Problem
Pipeline concerns are often mixed, so reruns and ownership become hard to reason about.
Contract-first orchestration design for ingestion, transformation, and warehouse execution.
Quick overview
Pipeline concerns are often mixed, so reruns and ownership become hard to reason about.
A contract-first engine with typed settings and adapter boundaries across runtime stages.
REST and file ingestion, Duck-compatible warehouses, and dbt-first transformation.
Pipeline flow stays centralised while backend-specific behaviour remains isolated.
Context
Data projects often blur orchestration, source logic, warehouse behaviour, and transformation execution.

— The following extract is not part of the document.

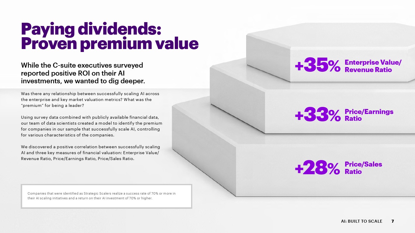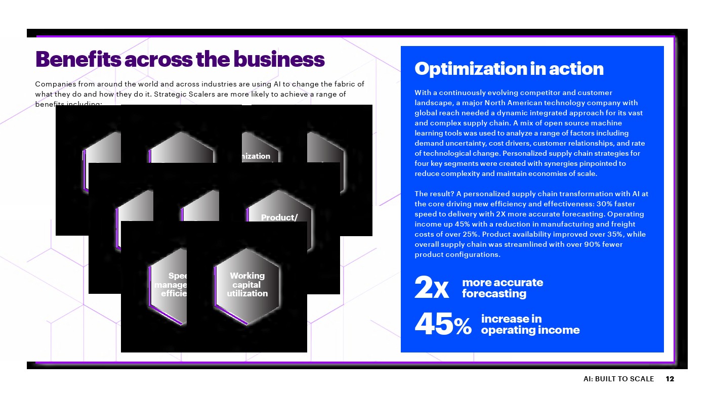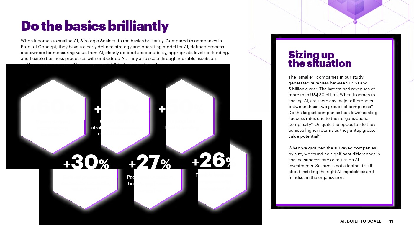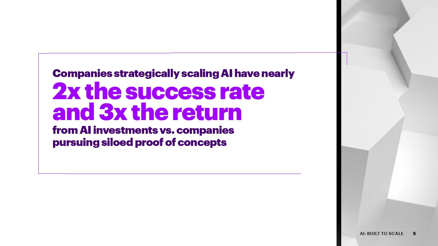 84%的C级高管认为,如果不扩展AI,他们将无法实现其业务战略,但只有16%的高管已经从单纯的试验转变为创建具有强大AI功能的组织。结果,这群表现最好的企业从人工智能投资中获得的回报是绩效较低的企业的近3倍。

This increases maintenance cost and makes rerun behaviour harder to reason about. Axiomatic Engine addresses this by separating responsibilities with typed protocols and adapter boundaries.
Delivery architecture
The engine is organised into contracts, adapters, and core stages. Sources expose resources through protocol boundaries, ingestion is executed with dlt into a selected warehouse adapter, and transformation is delegated through a transformation adapter.

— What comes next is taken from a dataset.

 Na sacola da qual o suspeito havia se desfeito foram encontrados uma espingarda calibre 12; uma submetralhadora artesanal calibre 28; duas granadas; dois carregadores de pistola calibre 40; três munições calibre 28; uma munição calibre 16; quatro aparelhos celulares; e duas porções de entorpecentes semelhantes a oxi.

This keeps pipeline flow centralised while backend specifics remain isolated. Settings are loaded from AXIOMATIC_* variables with CLI override support.
Design decisions
Source, storage, warehouse, and transformation protocols define extension points. Literal kinds constrain available options, so unsupported backends fail explicitly instead of degrading silently. This helps keep project code domain-aware and engine code domain-agnostic.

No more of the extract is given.